CUDA out of memory, despite having enough memory to run

CompVis / stable-diffusion

A latent text-to-image diffusion model

https://ommer-lab.com/research/latent-diffusion-models/

Other

68.27k stars 10.16k forks source link

CUDA out of memory, despite having enough memory to run #296

Open nailuj29 opened 2 years ago

nailuj29 commented 2 years ago

When trying to run prompts, I get the error

CUDA out of memory. Tried to allocate 1.50 GiB (GPU 0; 11.77 GiB total capacity; 8.62 GiB already allocated; 723.12 MiB free; 8.74 GiB reserved in total by PyTorch) If reserved memory is >> allocated memory try setting max_split_size_mb to avoid fragmentation.  See documentation for Memory Management and PYTORCH_CUDA_ALLOC_CONF

My card has 12GB of VRAM, which should be enough to run stable-diffusion.

aixocm commented 2 years ago

I got the same issue,anyone can fix it ?

tonsOfStu commented 2 years ago

What settings are you running at? I also have a 12GB card and it can not fit batch size of 4 or anything above 640x640

nailuj29 commented 2 years ago

Im running the example command provided in the readme.

On Sat, Sep 17, 2022, 11:53 PM tonsOfStu @.***> wrote:

What settings are you running at? I also have a 12GB card and it can not fit batch size of 4 or anything above 640x640

— Reply to this email directly, view it on GitHub https://github.com/CompVis/stable-diffusion/issues/296#issuecomment-1250184969, or unsubscribe https://github.com/notifications/unsubscribe-auth/AM5NYZJPASUQ6BEQQ4FTPHTV62G3BANCNFSM6AAAAAAQPGOMVU . You are receiving this because you authored the thread.Message ID: @.***>

Ouro17 commented 2 years ago

I found useful to disable hardware acceleration on web browsers, and also keep as many things as possible closed.
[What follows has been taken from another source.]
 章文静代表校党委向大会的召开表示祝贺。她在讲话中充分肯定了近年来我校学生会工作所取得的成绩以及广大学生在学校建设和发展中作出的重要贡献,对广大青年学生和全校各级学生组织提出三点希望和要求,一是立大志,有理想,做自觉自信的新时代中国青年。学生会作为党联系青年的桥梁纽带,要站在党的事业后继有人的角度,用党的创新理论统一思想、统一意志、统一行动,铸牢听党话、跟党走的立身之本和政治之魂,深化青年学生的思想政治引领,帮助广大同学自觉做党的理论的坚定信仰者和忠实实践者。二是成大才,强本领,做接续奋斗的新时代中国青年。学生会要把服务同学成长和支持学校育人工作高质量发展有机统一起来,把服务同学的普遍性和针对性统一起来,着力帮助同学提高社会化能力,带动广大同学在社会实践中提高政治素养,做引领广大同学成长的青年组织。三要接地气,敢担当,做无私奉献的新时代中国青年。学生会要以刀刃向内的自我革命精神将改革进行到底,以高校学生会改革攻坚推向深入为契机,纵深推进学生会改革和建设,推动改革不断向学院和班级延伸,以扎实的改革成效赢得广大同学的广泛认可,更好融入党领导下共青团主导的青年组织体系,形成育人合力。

You can use nvitop to monitor what processes are consuming memory of your GPU.

tonsOfStu commented 2 years ago

Try lowering resolution to see if it works. Try some of the other versions as well. AUTOMATIC1111's works just fine.
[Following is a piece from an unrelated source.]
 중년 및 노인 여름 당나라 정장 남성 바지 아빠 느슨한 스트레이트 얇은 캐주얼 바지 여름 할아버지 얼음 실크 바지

smoran commented 2 years ago

I Run on a 1080ti and can create 1024x1024 (actually even higher, but it takes a while to generate 1344x1344 for example). Using model.half() and these modifications: https://github.com/CompVis/stable-diffusion/compare/main...Doggettx:stable-diffusion:main (just replace the changed files with the original ones. It breaks the calculations into steps, allowing much higher resolution in similar performance)
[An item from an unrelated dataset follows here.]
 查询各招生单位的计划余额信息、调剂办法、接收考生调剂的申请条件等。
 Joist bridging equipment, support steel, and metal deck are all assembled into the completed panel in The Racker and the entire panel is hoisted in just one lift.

rezinghost commented 2 years ago

I got the same issue, and I check the GPU (823MiB / 12288MiB) I don't know why "10.28 GiB already allocated"

Before figure out problem of out of cuda memory, this can be fixed by setting --n_samples=1. It is okay if the process uses default size(512*512)

ShnitzelKiller commented 2 years ago

I Run on a 1080ti and can create 1024x1024 (actually even higher, but it takes a while to generate 1344x1344 for example). Using model.half() and these modifications: main...Doggettx:stable-diffusion:main (just replace the changed files with the original ones. It breaks the calculations into steps, allowing much higher resolution in similar performance)

This is what AUTOMATIC1111's version does by default. I couldn't see any difference in the images with half or single floats using the same seed (except that it used less VRAM). Here is a comparison using half and full grid-anim precision:

Another note - the default batch size (the option is called --n_samples) is 3, which is JUST over the limit on a 12GB machine in practice, because it tries to generate 3 at once. If you want to just get it to work without using half precision, you can reduce it to 2 or less.

ant1fact commented 2 years ago

I Run on a 1080ti and can create 1024x1024 (actually even higher, but it takes a while to generate 1344x1344 for example). Using model.half() and these modifications: main...Doggettx:stable-diffusion:main (just replace the changed files with the original ones. It breaks the calculations into steps, allowing much higher resolution in similar performance)

Thank you so much!!!

liamcurry commented 2 years ago

I can confirm that applying the diff from @smoran's branch fixed this issue for me. Thanks!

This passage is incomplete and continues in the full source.